Developer on Alibaba Coud: Build your first app with APIs, SDKs, and tutorials on the Alibaba Cloud. Read more ＞

As a common algorithm in optimization algorithm, conjugate gradient method can be seen in many gradient-optimized machine learning algorithms, such as in sparse coding (sparsenet). This paper mainly refers to the introduction of conjugate gradient in the optimized textbook compiled by Tsinghua University Press, Chen Baolin.

The origin of this article is that I have recently been thinking about a simple function:

Or a more complex two-time type function: .......... ............... 2, where x is the data center.

The first question is how to ensure that the output F is always greater than 0, the knowledge of the linear algebra knows that we know the guarantee that the matrix A is positive definite, and if a is semi-positive, then the output is guaranteed to be non-negative. The second problem is the geometric meaning of this two-time function. Let's start with the simplest two-time function, ..... 3

which The Formula 3 is written in the form of Equation 2,

where.

What is the shape of this function? First, in order to guarantee non-negative, we will take a value of -1,0,1 three values respectively. Then, we draw the function shape like →:

In the figure, since A is a 2 * 2 square matrix, we get three three-dimensional surfaces. Surface images are located above the x-y plane, illustrating non-negativity. For each layer, it represents the surface under a different value (a total of 3 layers). And on a certain layer, each contour line (ie contour line) represents a different output value, we have marked it in the figure, we found that the projection of the surface onto the xy plane is an ellipse after rotation ( as follows).

To promote a more general form, when the dimension of A is greater than 2, the super-surface will be obtained, at this time the contour line (accurate is the equivalent surface) in the form of:

This is the X-drawn as the center of the ellipsoidal surface. Because the gradient at the X-Draw is.

A positive definite, so X-Pull is the minimum point of the function (remember this is what we want).

Suppose there is a point on this ellipsoid (that is, the equivalent plane)

, then at this point, the normal vector of the equivalent plane is, or a two-dimensional example

We assume that D (1) is a tangent vector at the point, and D (2) is a vector of the direction of the line along that point and the center point, i.e.

。 Normal vectors are perpendicular to the plane of any vector, and naturally perpendicular to the tangent vector, we have:

For last equation we say that D (1) and D (2) are conjugated to a.

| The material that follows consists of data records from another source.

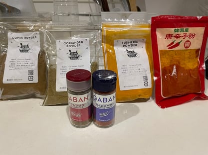 種明かしをすると、これだけのスパイスで、というか後ろの袋4つで美味しいカレーの味が決まります。クミン、コリアンダー、ターメリックに赤唐辛子。それにガラムマサラやカイエンペッパーを少々プラスしたり。あとは塩とブラックペッパーかな?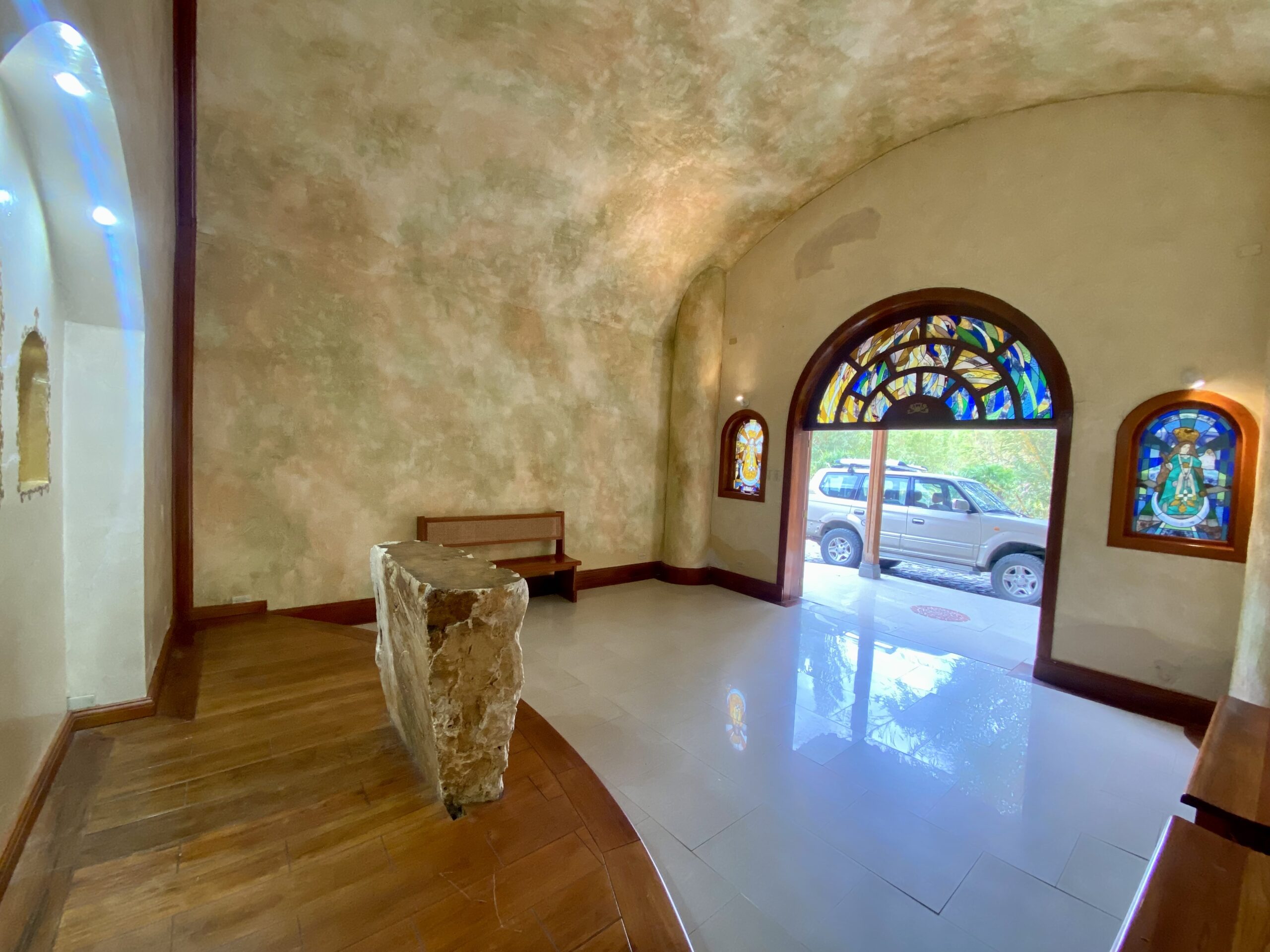 - A large open room with a giant tiled floor and high ceilings.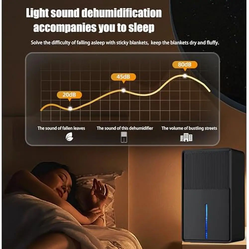 Flexible & Portable: Our dehumidifier design is compact and lightweight, very suitable for kitchen countertops, bathroom vanity tabletop, bedside tables, office desks, and small cabinet spaces, creating a more dry and comfortable living space.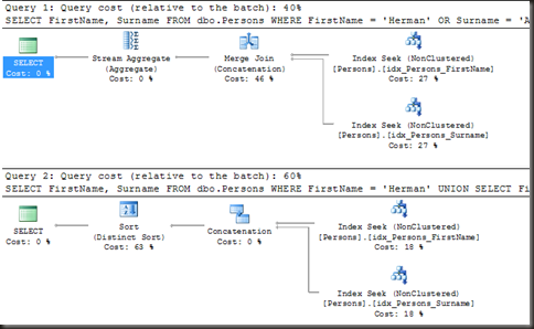 In this case, the OR can be replaced with a UNION and the results are the same. The Union form is slightly less efficient according to the execution plan’s costings (60% compared to the OR at 40%), and the two queries have the same general form, with two index seeks and some form of concatenation and remove duplicates.
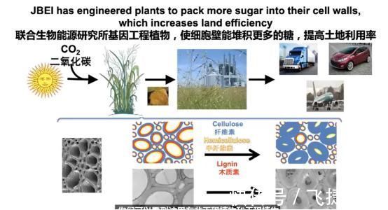 我现在管理着加州的一个科研机构,叫 “联合生物能源研究所”(JBEI),其使命是将木质纤维素生物质转化为生物燃料和生物制品。我们在 2007 年成立,2012 年续约,2017 年正式开始,我们提供科学依据,将木质纤维素生物质转化为生物燃料和生物制品,换提供再生化学品,从而实现生物经济在美国及全全球的繁荣发展,这些年我们完成的是让植物积累更多的纤维素和半纤维素,你们可以看到这里有非工程植物和工程植物,后者细胞壁更厚,含有更多的纤维素 / 糖来转化成生物燃料和生物制品,我们还研发高效工艺,可以提取纤维素并将糖类转化为生物燃料。

This is where the gradients and conjugation are finally spoken. For this last equation, we think that the tangent vector at any point on the two-dimensional contour is the vector with this point to the minimum point about a conjugate, which means that the minimum point can be found after two iterations of the two function. For multi-dimensional situations, it is also possible to converge to a minimum point within a finite number of steps. The concrete proof can refer to the textbook.

So when we are looking for the minimum in the optimization, we always look for the minimum point, and we can find the direction to it, find the direction and the direction of the conjugate, and the direction of the conjugate can also be obtained by the direction of the conjugate direction, so push forward in turn, Finally, before starting the conjugate gradient, we first calculate the steepest descent direction of the initial point.

The FR conjugate Gradient method is introduced based on the above ideas. Given an initial point x (1) calculates its gradient d (1), then this d (1) as the tangent vector direction, searches in its direction to get X (2), calculates the gradient G (2) at x (2), uses G (2) and D (1) to construct a new search direction D (2), one time down. This process needs to calculate two quantities, one is the search step for each step, and the other is the direction of the next search. The search step uses a more general formula, and the conjugate is shown when the next search direction is calculated.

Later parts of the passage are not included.